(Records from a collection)
++++++++++++++++++++

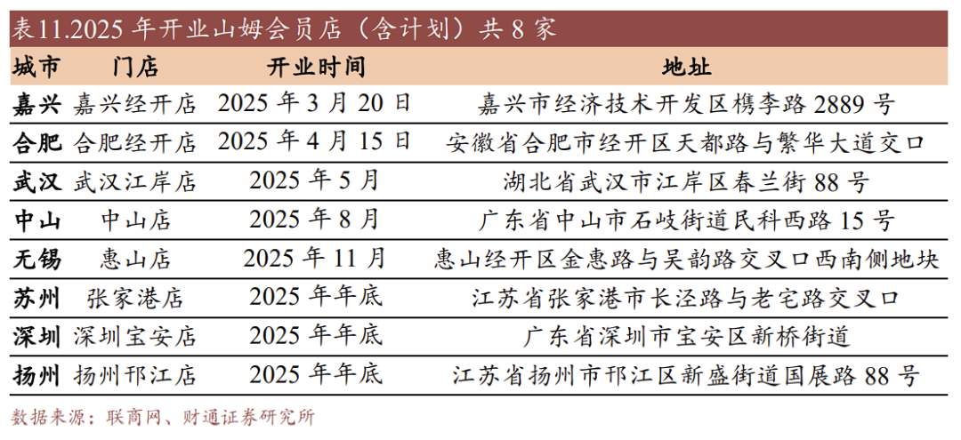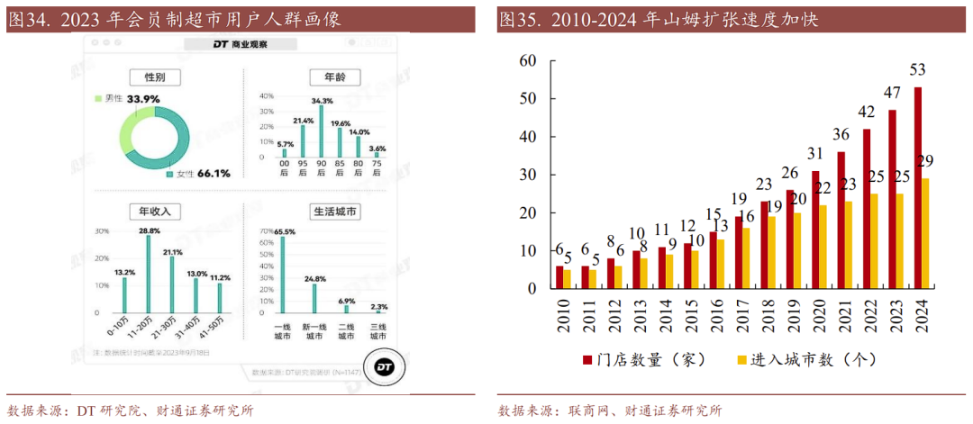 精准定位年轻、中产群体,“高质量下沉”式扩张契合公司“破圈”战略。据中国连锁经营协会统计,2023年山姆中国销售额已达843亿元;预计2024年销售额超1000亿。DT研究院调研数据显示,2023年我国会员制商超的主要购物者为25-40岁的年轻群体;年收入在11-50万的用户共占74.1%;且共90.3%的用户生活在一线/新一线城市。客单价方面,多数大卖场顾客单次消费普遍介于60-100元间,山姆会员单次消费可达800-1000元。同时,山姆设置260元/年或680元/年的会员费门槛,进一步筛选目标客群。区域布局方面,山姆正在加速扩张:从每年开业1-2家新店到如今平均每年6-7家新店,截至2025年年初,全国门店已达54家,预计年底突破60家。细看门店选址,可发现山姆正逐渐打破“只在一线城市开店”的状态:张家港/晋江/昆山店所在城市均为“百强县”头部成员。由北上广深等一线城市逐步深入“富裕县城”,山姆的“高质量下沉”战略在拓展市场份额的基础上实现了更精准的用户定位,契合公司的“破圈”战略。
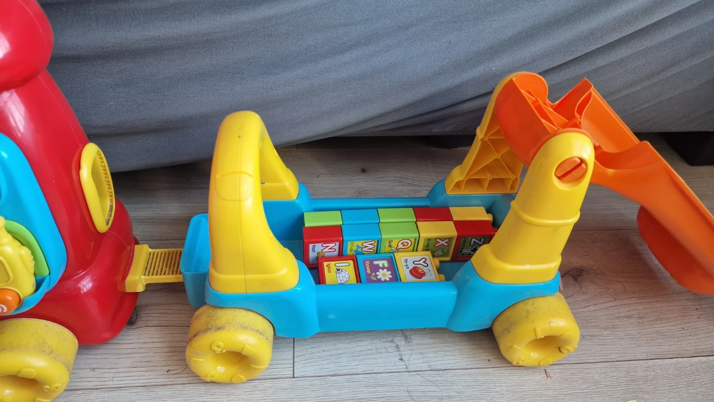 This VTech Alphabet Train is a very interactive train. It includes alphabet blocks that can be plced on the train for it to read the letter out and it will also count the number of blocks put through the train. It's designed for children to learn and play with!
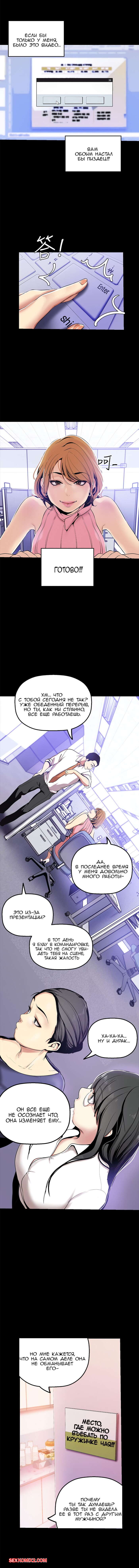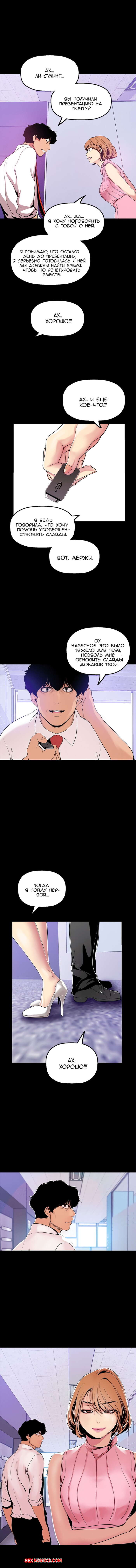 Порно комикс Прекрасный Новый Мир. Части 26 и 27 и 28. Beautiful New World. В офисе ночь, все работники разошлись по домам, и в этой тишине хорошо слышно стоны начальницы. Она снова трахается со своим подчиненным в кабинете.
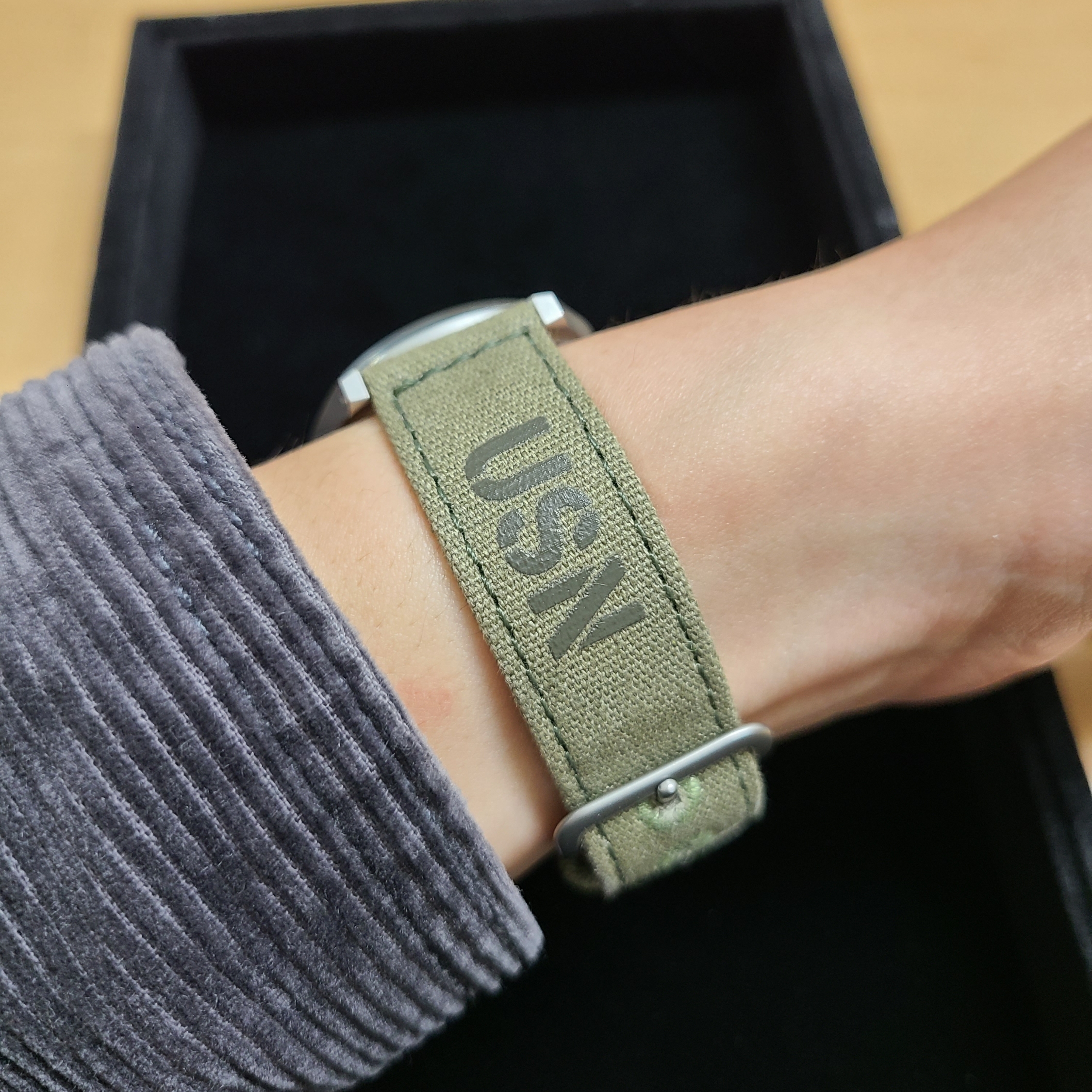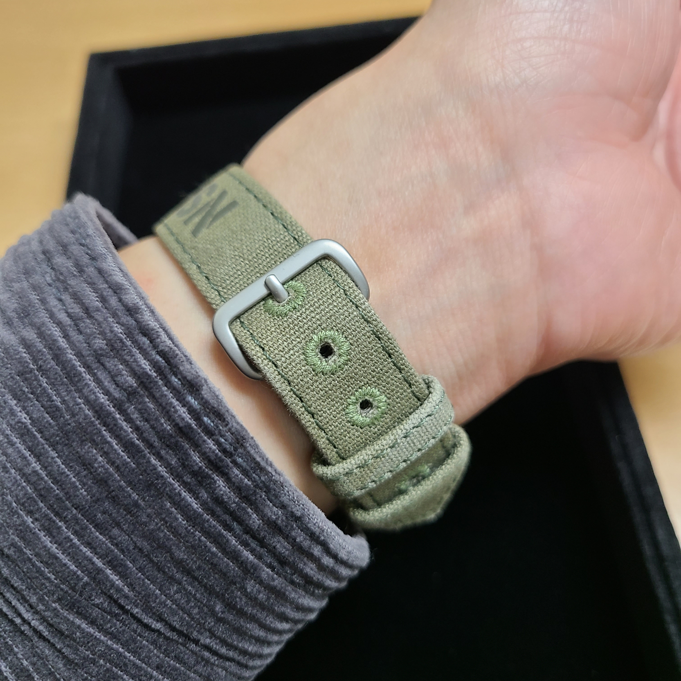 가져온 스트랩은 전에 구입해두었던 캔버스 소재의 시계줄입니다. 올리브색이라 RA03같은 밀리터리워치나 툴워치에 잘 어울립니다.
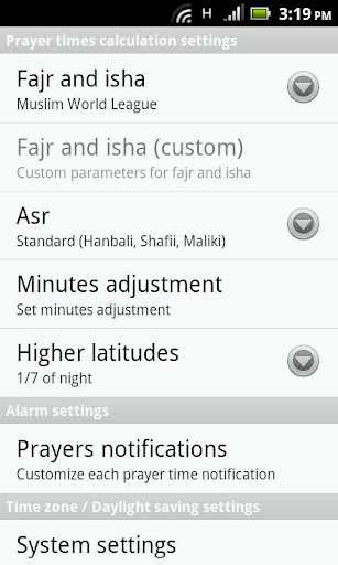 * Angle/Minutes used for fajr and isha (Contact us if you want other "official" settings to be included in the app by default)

++++++++++++++++++++

Instructions for the task — Retype the lines starting with the one that holds "Порно комикс Прекрасный" and ending with the last line of the data above, both included; skip the pictures.

Finished task —
 Порно комикс Прекрасный Новый Мир. Части 26 и 27 и 28. Beautiful New World. В офисе ночь, все работники разошлись по домам, и в этой тишине хорошо слышно стоны начальницы. Она снова трахается со своим подчиненным в кабинете.
 가져온 스트랩은 전에 구입해두었던 캔버스 소재의 시계줄입니다. 올리브색이라 RA03같은 밀리터리워치나 툴워치에 잘 어울립니다.
 * Angle/Minutes used for fajr and isha (Contact us if you want other "official" settings to be included in the app by default)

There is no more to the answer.